You've got to be taught to be afraid Of people whose eyes are oddly made And people whose skin is a different shade You've got to be carefully taught - Oscar Hammerstein II, 1949

The floor now opens for questions: one commissioner addresses the problems faced by churches involved in global mission work. Thorne agrees that a true partnership becomes complicated and difficult because foreign clergy visits here are purely at the discretion of consulate officials. Compounding this situation, in countries like Mali, the fee just to make an appointment to meet with a consular official to request a visitor visa is the equivalent of a 9-month Mali salary.

Thorne discusses her recent mission visit to the York (PA) Correctional Facility, where it's costing the Commonwealth of Pennsylvania around $5/hr [$120/day] in tax dollars to hold undocumented immigrants awaiting deportation.

She concedes that true reform of immigration policy probably won't happen until 2009, when a new president takes office and a new Congress convenes. In the intervening timeframe, she believes the church can step up in one particular area.

"I'm hearing things I'd thought I didn't think I'd ever hear again in my lifetime, statements about people that really sound to me like right before the Civil Rights movement; targeted, race-related statements about groups of people that are not based in fact, that are just really, really horrible, ugly." She adds that our northern border is just as porous as our southern border.

The Rev. Laurel Brundage, pastor of Pleasant Valley Presbyterian Church in Broadheadsville, expresses the feeling of many.

"I've just been overwhelmed," she says, "by this surge of emotion that doesn't have any room for a rationale response. What do you do with that?"

Thorne empathizes with Rev. Brundage and points out that the portions of her presentation about Immigration procedures and law are currently up on the Immigration website. She adds that a DVD of her history piece is expected to become available for use in PC(USA) resource centers by the end of 2007 or the beginning of 2008. Presbyteries will be invited to copy them locally for distribution as needed within their bounds.
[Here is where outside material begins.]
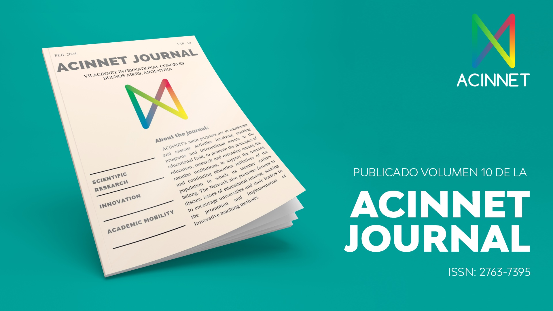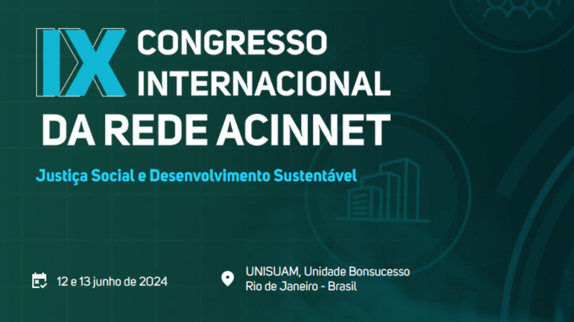 Se encuentra disponible para consulta el volumen 10 de la ACINNET Journal (ISSN: 2763-7395), publicado bajo el tema "Justicia social y desarrollo sostenible". Este número contiene los artículos científicos completos, seleccionados tras la evaluación del Comité Científico, que fueron presentados los días 12 y 13 de junio de 2024, en la UNISUAM (Brasil) durante el IX Congreso Internacional de la Red ACINNET.

As the Q&A session winds up, one presbyter offers some numbers of his own: an unskilled laborer making $10 an hour earns roughly $20,000 a year.

"That's considered poverty-level. Who's going to pay for their health care? A myriad of things: their education, school systems...who's going to pay for that?"
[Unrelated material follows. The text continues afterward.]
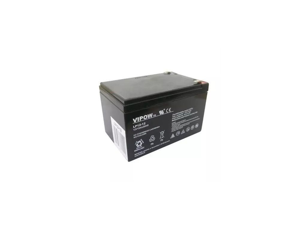 Baterie VIPOW 12V/12Ah akumulátorOlověné hermeticky uzavřené a zcela bezúdržbové akumulátory. Konstrukce těchto akumulátorů umožňuje libovolnou pracovní polohu. Doporučené oblasti použití: systémy UPS, záložní zdroje pro veškeré aplikace EZS a telekomunikace, záložní svítidla a nabíjecí svítilny, výstražná mobilní a signalizační zařízení apod

Thorne replies calmly and patiently.

"One of the myths is that undocumented people do not pay taxes. Some do. But as long as you're not allowed to work and employers don't withhold taxes from you, there is no solution."

She then metaphorically scratches her head.

"I don't hear this discussion, 'How many workers does the United States need?' How many do we need? In what industries do we need people? I don't hear that discussion. That would be a good first place to start."

Thorne believes the U.S. should try to answer this question. Then, the U.S. should figure out some way under our laws to allow in those workers who fit the bill of those industries needing workers.

"Employers will then be able to legally hire them, the workers can pay taxes and they can pay into our healthcare system, into the education system."

"But as long as we don't have any way to deal with the issue, as long as the government refuses to act, we're just in a mess."

Yes the answer lies within, so why not take a look now? Kick out the devil's sin, pick up, pick up the good book now -Cat Stevens [Yusuf Islam], 1970

Jim Nedelka, an elder at West Park Presbyterian Church in New York City, has been a professional journalist for 35 years.